Just because Indians were on the losing side, it does not absolve them of their
own sins. . . .*************************
From: Dennis Tedder <datedder@sify.com>
To: Ward Churchill
Subject: Commie-pinko bed-wetting left-wing long-haired faggot
. . . . I say f*ck the press. Given my way, you’d be throw into a dark cell for ten years, then execute you after that, you homo. . . . .
PS: You may be interested in knowing that my god son has killed over 30 ragheads, destroyed 15 tanks and 10 Toyota pickup trucks from his F-18.[From the same source:]
. . . . I’ve had enough of buck-teeth, genetically inbred, backwood cretins from de souf. You may also be interested in knowing that in ‘83 I was personably responsible for the death of over 80 Syrians. . . . Like Hitler, were I in charge it is the pseudo-intellectuals like you who I’d put in a camp first. Muslims and Arabs. Where is A. Hitler now that we need him? Even gas wouldn’t handle this many vermin.******************************
From: Michael Groves <michaelgroves@sbcglobal.net>
To: Ward Churchill
. . . . I had a brother who . . . was a professor, and he once said there are very ignorent people teaching in the campuses around the country. People who shouldn’t be allowed near a person so there garbage garbage dosn’t rub off on people. Your one of the people he was talking about. I”m not a man of violence, but I can see things that might happen. . . .. Opinons are like *ss holes, everyone has one, some just stink more then others, then I think some will wipe yours clean.
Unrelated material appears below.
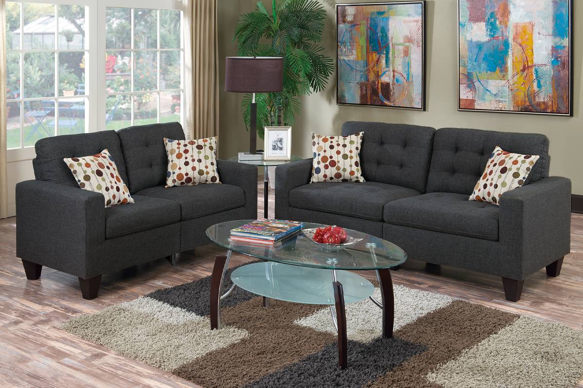 Come home to this 2-piece sofa set crafted in simplicity. Each piece is upholstered in a linen-like cushioned fabric with asymmetric tufting and light accent stitching. Adorn your seating with accent pillows for added flair.

You Creep. I’d like to see someone punch you right in the big fat loaud moth. You ignorent white man. Your not Native American, you’re a wanna be.********************
From: John F Marrinan <jfmen5@optonline.net>
To: Ward Churchill
. . . . I only have a BA, MBA, JD . . . I make $650,000 a year. . . .
Maybe you should go back to school and obtain a PhD in world history and you might understand that we fried the Japs because they bombed Pearl Harbor, Hawaii. . . .
I served two tours in Viet Nam . . . and I just love the good old USA. . . . .*********************
From: Arnold Giannetta <arnoldg@optonline.net>
To: Ward Churchill
ward, you such big buffalo d*ck, you c*cksuker ingine motherf*cker***************************
From: NavyHomer@aol.com
To: Thom1s@aol.com, . . . .
CC: . . . . Ward.Churchill
[Thom1s writes:]
Personally I’d like to see a resurrection of the House UnAmerican Activities Committee and a new set of alien and sedition laws aimed at the domestic pro-terrorist enemies in our midst. . . .
[Response:]
Hallelujah!! I agree with you 100%! . . . . I’m sending your above recommendation for the “resurrection” of an oversight committee to thwart further expansion of the mind destroying “Churchill-Kent’isms” to my two
Senators. . . . . NEGOCRATS, Robert C. BYRD and John ROCKEFELLER!!!!!
. . . . I encourage you and Salena to persevere and continue your “fight for the “right” as I and others undertake a serious effort to get rid of the nasty/smelly dropppings left on the floor of the Senate by a pathetic, strutting, cocky, BYRD! We are working to rid the national scene of our state’s embarrassment on Capitol hill, the decrepit BYRD in 2006 and the carpet bagging ROCKEFELLER in 2008!